Dass nach dem Ableben Marcel Reich-Ranickis kürzlich eine gründlich überarbeitete und wesentlich ergänzte Neuauflage von Uwe Wittstocks MRR-Biographie aus dem Jahr 2005 herausgekommen ist, war nicht weiter verwunderlich – sowohl mit Blick auf die Prominenz des Porträtierten als auch auf dessen exzeptionelle Lebensgeschichte, die Reich-Ranicki bereits selbst in seinem autobiographischen Bestseller Mein Leben verarbeitet hatte. Auch Autobiographien von anderen so genannten „Großkritikern“ sind ja durchaus keine Seltenheit, wie nach den beiden unlängst verstorbenen Hellmut Karasek (Auf der Flucht, 2004) und Fritz J. Raddatz (Unruhestifter, 2003) zum Beispiel auch Joachim Kaiser mit seinem Erinnerungsband Ich bin der letzte Mohikaner von 2008 unter Beweis gestellt hat (wobei dessen Titel mit der zunehmenden Bevölkerungsdichte in den ewigen Jagdgründen des Feuilletons mehr und mehr an Evidenz gewinnt). Ob den drei zuletzt Genannten dereinst einmal die Ehre zuteilwerden wird, selber einen oder gar mehrere Biographen zu finden, die ihre Lebensgeschichten für den Sachbuchmarkt rekonstruieren und spannend aufbereitet nacherzählen werden, mag zumindest ungewiss, mit Sicherheit aber weit weniger selbstverständlich erscheinen als im Falle Reich-Ranickis, der ja bereits zu Lebzeiten nicht zu knapp mit biographischer Aufmerksamkeit von Seiten Dritter bedacht worden war. Dass dafür sein Rang als schreibender Kritiker keineswegs den alleinigen Ausschlag gegeben hat und ein nicht unerheblicher Teil des Interesses gerade auch breiterer Leserschichten auf die Popularität und die Wirkung einer multimedial inszenierten Figur zurückzuführen ist, ist naheliegend.

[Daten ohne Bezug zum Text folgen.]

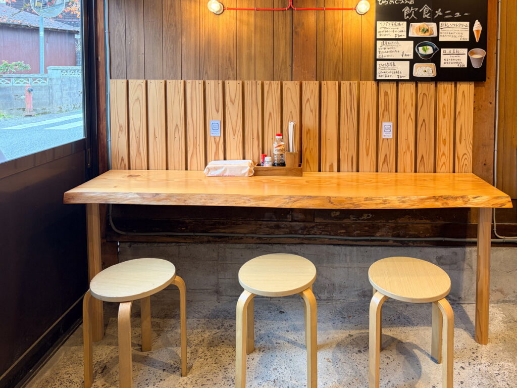 現在は店内に3席のイートインスペースがあります。

Denn gemeinhin gehören Literaturkritiker wahrlich nicht zu den bevorzugten Personengruppen, die auch jenseits von akademischer Fachliteratur, von Tagungsbänden und gelehrten Einzelanalysen für das Format des biographischen Sachbuchs infrage kommen; die Vorrangstellung ist da zweifellos Dichtern und Schriftstellern im engeren Sinne, Politikern und gekrönten Häuptern oder auch sonstiger Berühmtheiten aus den Feldern des Sports, der Wissenschaften und der Kulturproduktion von der Malerei bis zur Musik zuzusprechen. Kritiker, Feuilletonisten und Essayisten, die spätestens seit den Causerien eines Charles-Augustin Sainte-Beuve selber zu den kleinmeisterlichen Porträtisten des literarischen Diskurses gezählt werden können, erreichen dagegen nur selten einen Grad an Prominenz, der zur Begründung der Notwendigkeit eines eigenen Porträts in voller Buchlänge ausreichend erscheint (wobei der genannte Sainte-Beuve dank Wolf Lepennies’ sogar bei dtv nachgedruckter Studie gleich die sprichwörtliche Ausnahme liefert, die diese Regel bestätigen könnte). Allenfalls ‚Auch-Kritiker‘, wie etwa Tucholsky oder Walter Benjamin, dürften auf die Breite gesehen das Zeug dazu haben, in nennenswerter Anzahl als Gegenstand auf dem Sachbuchmarkt für Literaturliebhaber zu reüssieren. Selbst eine so schillernde Intellektuellen-Figur wie Alfred Kerr, die nun wahrlich Stoff genug für eine ebenso abwechslungs- wie pointenreiche Lebensbeschreibung bieten würde, hat demgegenüber bis heute keinen Biographen gefunden. Von weit weniger narzisstisch veranlagten Protagonisten des literaturkritischen Diskurses wie Max Rychner oder Walter Boehlich, Hans Mayer oder Reinhard Baumgart ganz zu schweigen.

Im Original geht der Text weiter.